Abstract

Pancreatic neuroendocrine tumors (pNETs) include functioning and non-functional tumors. Functioning tumors consist of tumors that produce a variety of hormones and their clinical effects. Therefore, determinants of resection of pNETs should be discussed for each group of tumors. Less than 10% of insulinomas are malignant, therefore more than 90% of the cases can be cured by surgical resection. Lymphadenectomy is generally not necessary in insulinoma operation. If preoperative localization of the insulinoma is completed, enucleation from the pancreatic body or tail, and distal pancreatectomy can be performed safely by laparoscopy. When preoperative localization of a sporadic insulinoma is not confirmed, surgical exploration is needed. Intraoperative localization of a tumor, intraoperative insulin sampling and frozen section are required. The crucial purpose of surgical resection is to control inappropriate insulin secretion by removing all insulinomas. Gastrinomas are usually located in the duodenum or pancreas, which secrete gastrin and cause Zollinger-Ellison syndrome (ZES).

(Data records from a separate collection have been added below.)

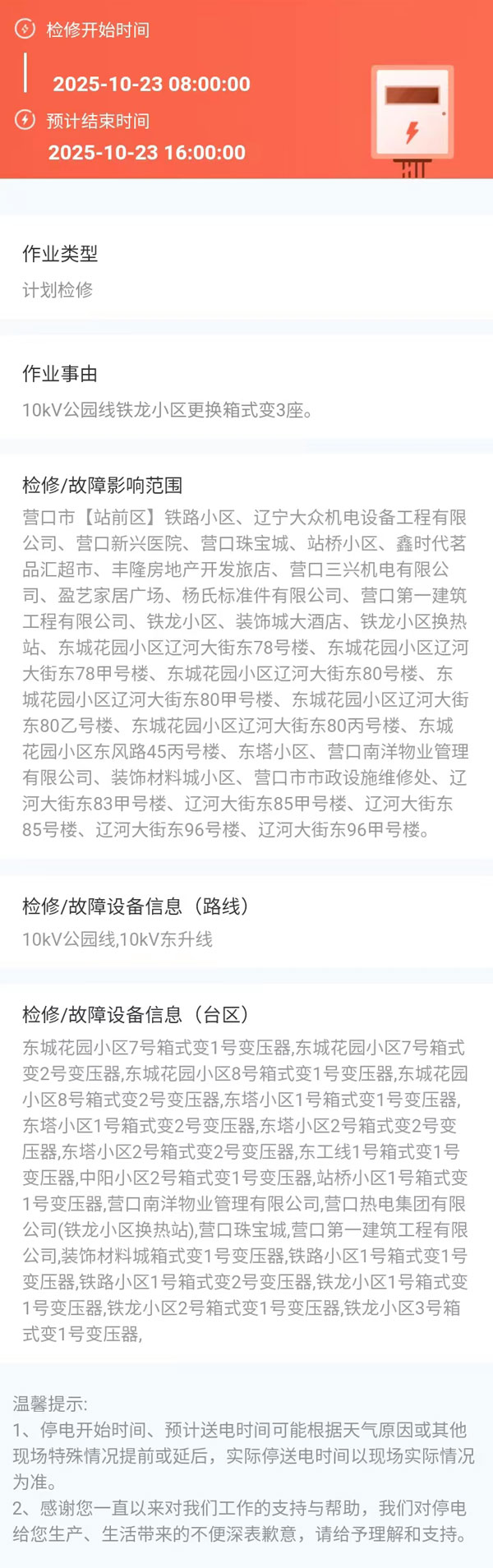 2025年10月23日 站前區(qū)電網(wǎng)檢修公告 |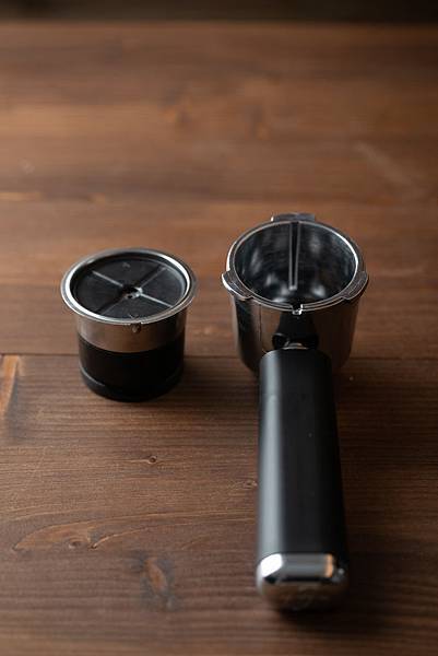 2. 接著我們使用膠囊濾杯、膠囊把手,並將膠囊裝入後放入Oster 5+隨享咖啡機。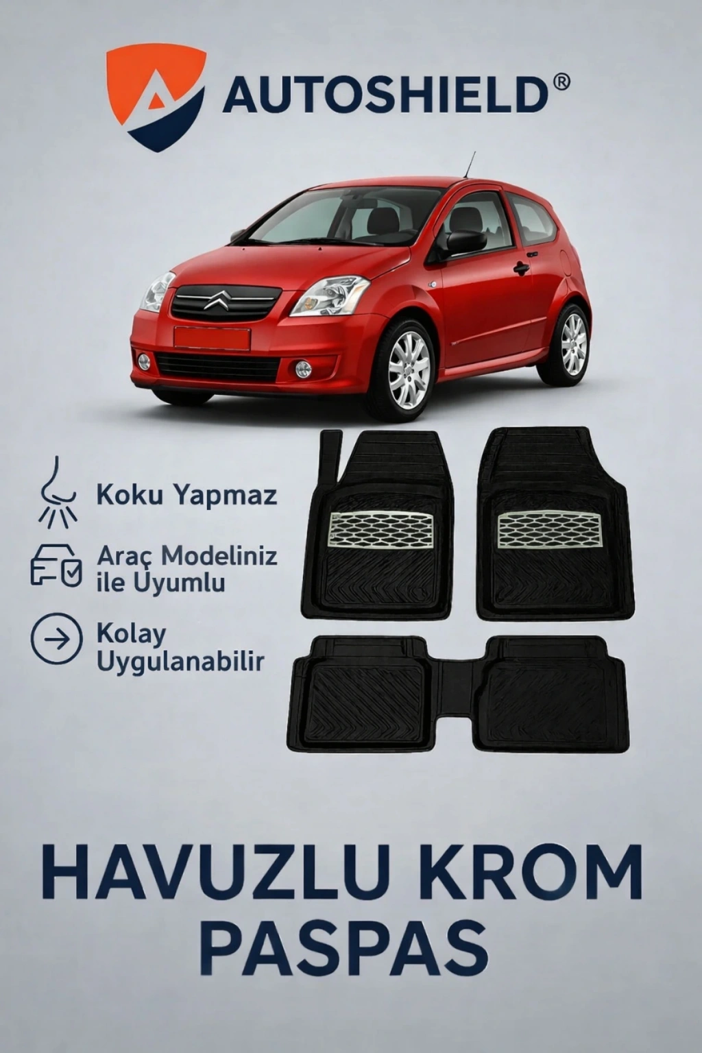 Ürün, Citroen C2 Serisi serisinin tüm modelleri ile uyumlu universal ölçülerde üretilmiştir. Kaymaz taban yapısı sayesinde sürüş sırasında sabit kalır ve güvenli kullanım sunar. Dayanıklı, esnek ve kokusuz TPE malzeme yapısı ile uzun ömürlüdür, deformasyona karşı dirençlidir.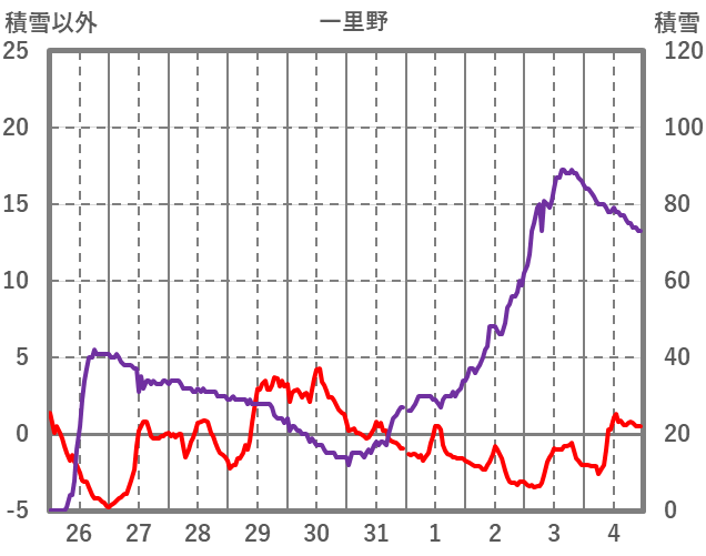 | 日 | 時 | 気温 | 降水 | 風向/風速 | 日照 | 積雪 | 降雪 |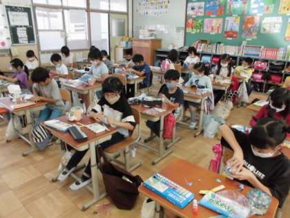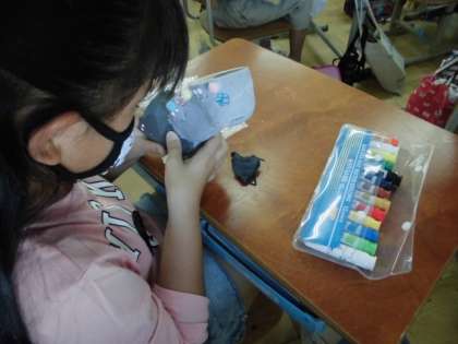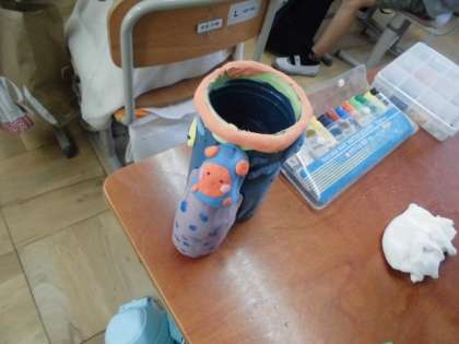 今日は,お家でご準備くださった空き容器から創造を膨らませて作品づくりをしました。仕上げには,紙粘土に色を練りこんだり,筆で色をつけたりしながら,飾りつけをしました。素敵な作品が勢ぞろいしましたので,参観日にご覧ください。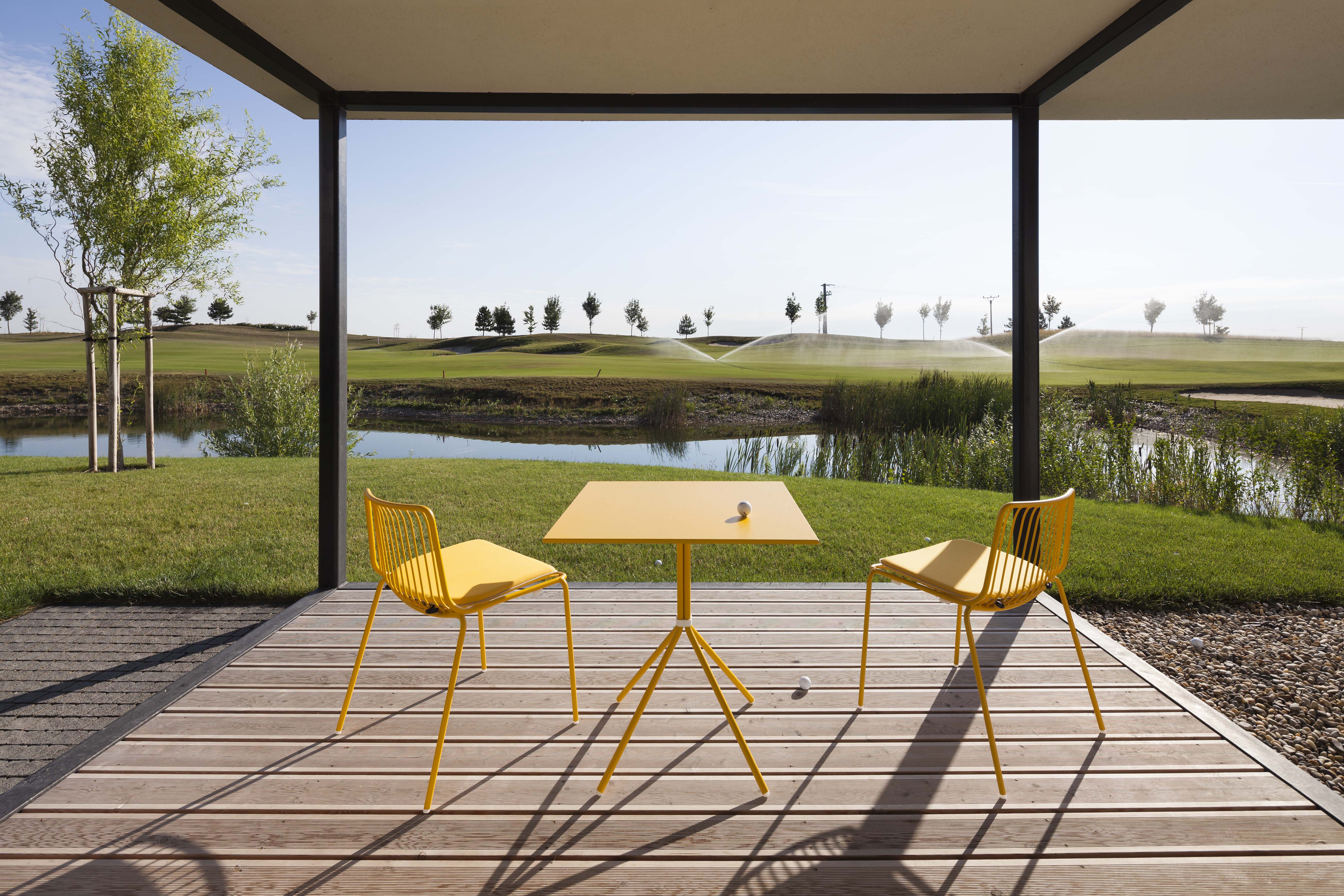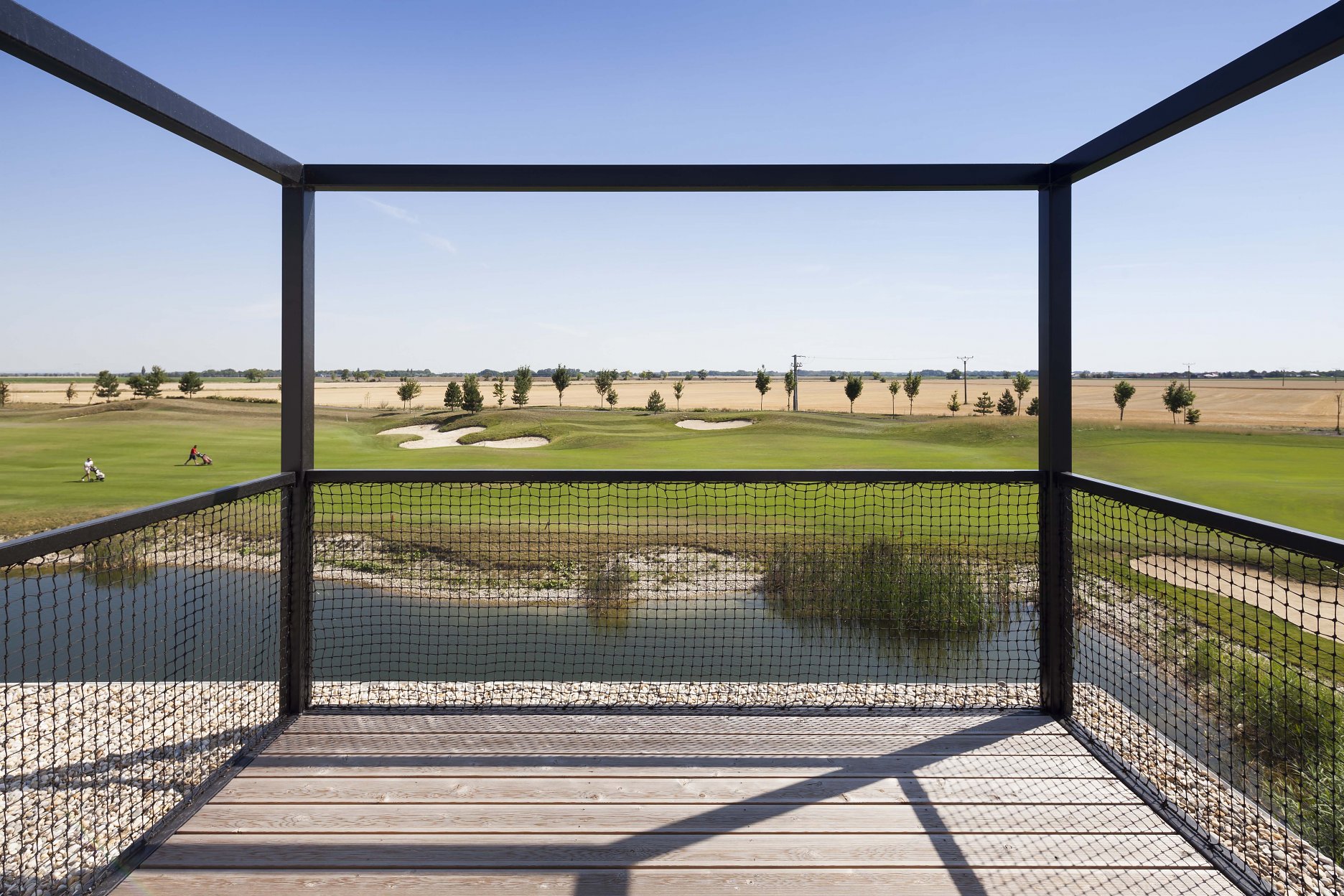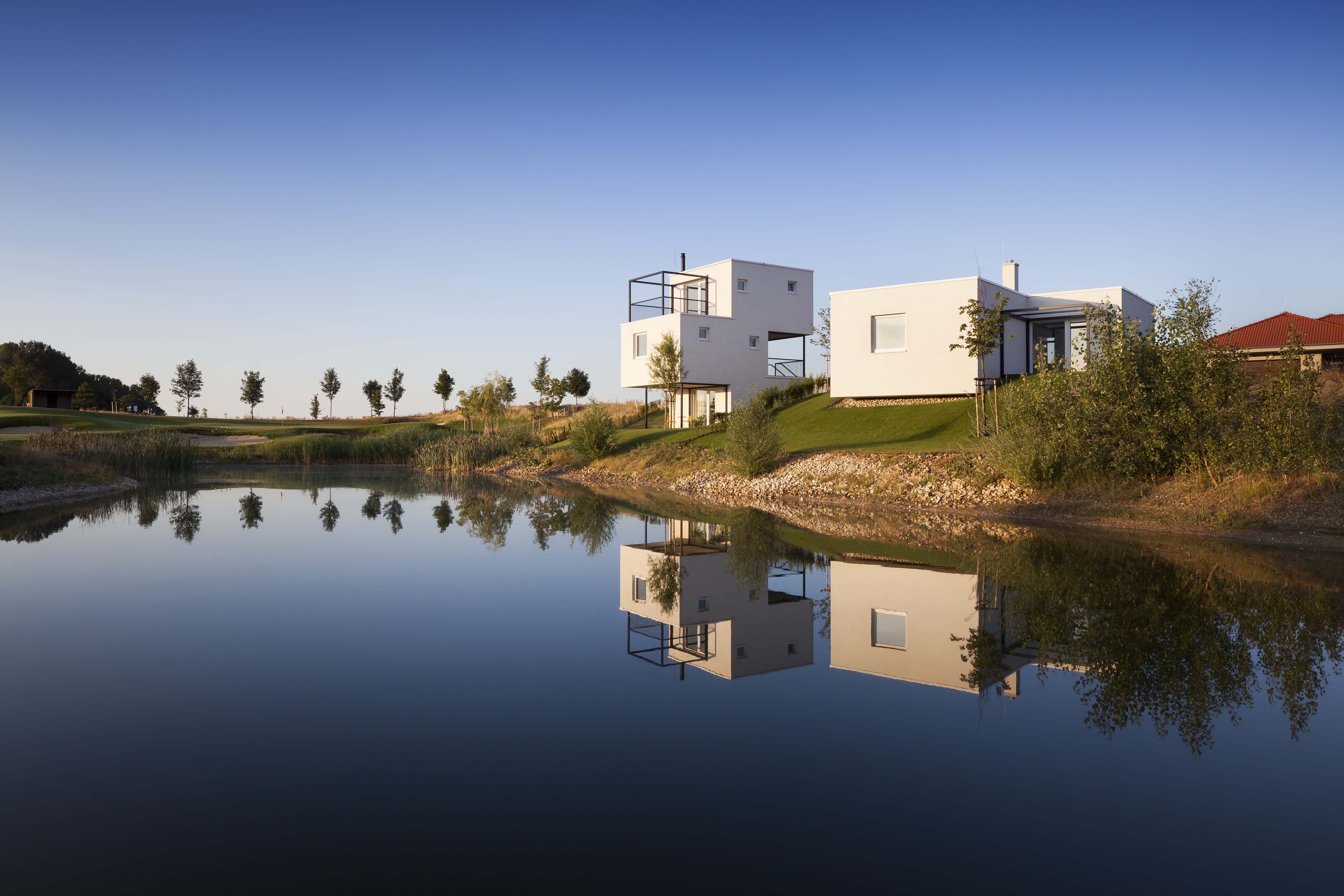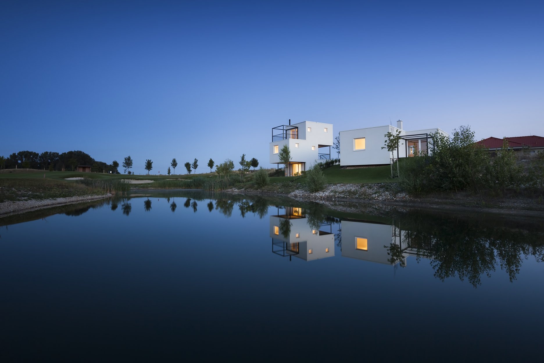 Pred časom sme predstavili dom “B”, prvý z dvoch objektov v areáli golfového rezortu v Hrubej Borši. Dnes sa k projektu vraciame. Ide o koncept rodinného (víkendového) bývania, zredukovaného na komfortné minimum za účelom minimálnej starostlivosti - náročnosti na energie, čas a náklady. Malé ergonomické domy sa dajú prirovnať k trojizbovému bytu. Projekt vznikol ako iniciatíva architektov z ateliéru Endorfine. Lokalita nie je náhodná, keďže autori sú vášniví golfisti :). Miesto je zaujímavé tým, že aj po čase zostane nezastavané a neuzavreté. Ide do istej miery o experiment. Architekti v tomto prípade neboli obmedzení požiadavkami, ani zadaním konkrétneho klienta. Chceli si overiť, či je možné postaviť za cenu trojizbového bytu v Bratislave porovnateľný dom na hodnotnom pozemku. Aj preto tu nevznikol žiaden väčší dom. Ide o overenie dvoch rôznych priestorových konceptov.

Duodenal gastrinomas are usually small, therefore they are not seen on preoperative imaging studies or endoscopic ultrasound, and can be found only at surgery if a duodenotomy is performed. In addition, lymph node metastasis is found in 40-60% of cases. Therefore, the experienced surgeons should direct operation for gastrinomas. Surgical exploration with duodenotomy should be performed at a laparotomy. Other functioning pNETs can occur in the pancreas or in other locations. Curative resection is always recommended whenever possible after optimal symptomatic control of the clinical syndrome by medical treatment. Indications for surgery depend on clinical symptom control, tumor size, location, extent, malignancy and presence of metastasis. A lot of non-functioning pNETs are found incidentally according to the quality improvement of imaging techniques. Localized, small, malignant non-functioning pNETs should be operated on aggressively, while in possibly benign tumors smaller than 2 cm the surgical risk-benefit ratio should be carefully weighted. Surgical liver resection is generally proposed in curative intent to all patients with operable metastases from G1 or G2 pNET. The benefits of surgical resection of liver metastases have been demonstrated in terms of overall survival and quality of life. Complete resection is associated with better long-term survival.